### Records provided
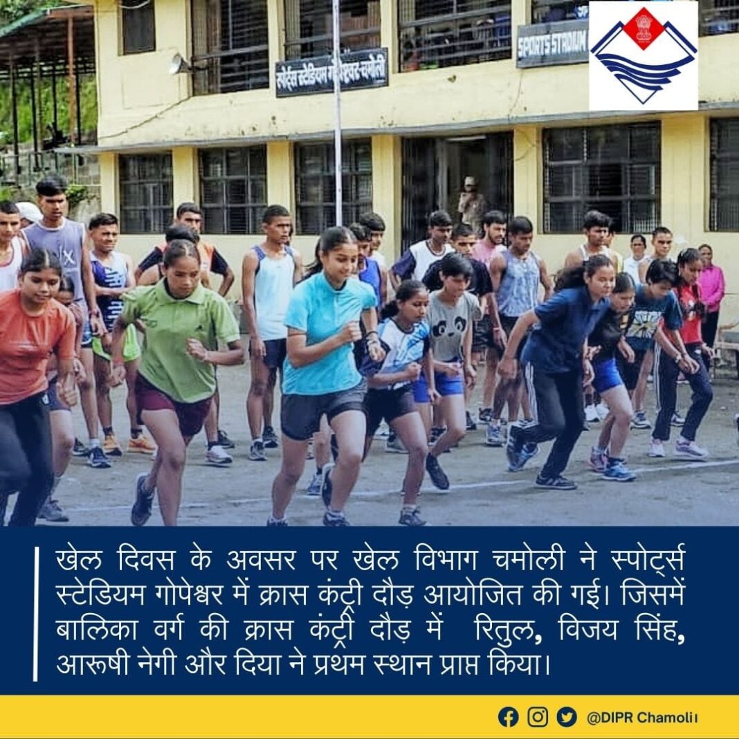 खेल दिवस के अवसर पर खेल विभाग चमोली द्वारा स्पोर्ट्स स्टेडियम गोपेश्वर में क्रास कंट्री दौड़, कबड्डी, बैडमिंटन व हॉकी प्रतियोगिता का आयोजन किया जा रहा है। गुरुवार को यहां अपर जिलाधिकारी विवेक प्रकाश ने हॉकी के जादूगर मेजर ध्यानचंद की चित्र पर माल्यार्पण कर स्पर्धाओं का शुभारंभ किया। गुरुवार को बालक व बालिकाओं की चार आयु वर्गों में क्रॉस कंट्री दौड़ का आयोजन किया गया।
* * *
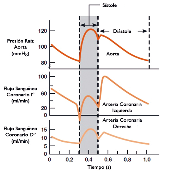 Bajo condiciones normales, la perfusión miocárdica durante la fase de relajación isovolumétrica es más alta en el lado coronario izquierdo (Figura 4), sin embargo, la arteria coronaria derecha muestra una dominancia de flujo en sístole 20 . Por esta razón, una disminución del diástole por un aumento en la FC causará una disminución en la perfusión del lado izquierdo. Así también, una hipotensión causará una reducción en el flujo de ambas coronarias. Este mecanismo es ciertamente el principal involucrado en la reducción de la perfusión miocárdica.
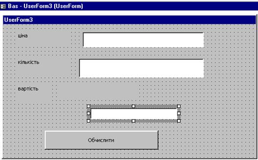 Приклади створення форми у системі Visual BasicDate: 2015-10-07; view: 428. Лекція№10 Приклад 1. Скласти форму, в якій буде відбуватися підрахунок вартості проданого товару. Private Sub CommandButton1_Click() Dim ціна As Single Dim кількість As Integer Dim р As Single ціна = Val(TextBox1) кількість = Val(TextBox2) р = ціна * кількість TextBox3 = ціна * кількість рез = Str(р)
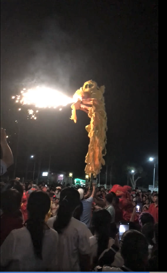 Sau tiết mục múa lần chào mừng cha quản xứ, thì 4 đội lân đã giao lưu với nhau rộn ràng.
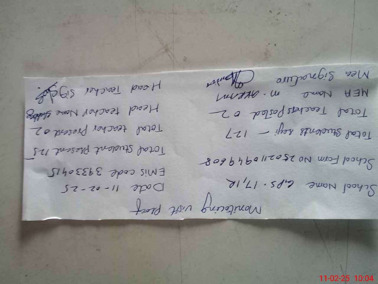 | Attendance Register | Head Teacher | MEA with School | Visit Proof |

### What you need to do
Please copy out from the data above, without any picture, exactly the lines running from the one that holds "Приклади створення форми" through the one that holds "Visit Proof |", and nothing beyond them.

### Reply
 Приклади створення форми у системі Visual BasicDate: 2015-10-07; view: 428. Лекція№10 Приклад 1. Скласти форму, в якій буде відбуватися підрахунок вартості проданого товару. Private Sub CommandButton1_Click() Dim ціна As Single Dim кількість As Integer Dim р As Single ціна = Val(TextBox1) кількість = Val(TextBox2) р = ціна * кількість TextBox3 = ціна * кількість рез = Str(р)
 Sau tiết mục múa lần chào mừng cha quản xứ, thì 4 đội lân đã giao lưu với nhau rộn ràng.
 | Attendance Register | Head Teacher | MEA with School | Visit Proof |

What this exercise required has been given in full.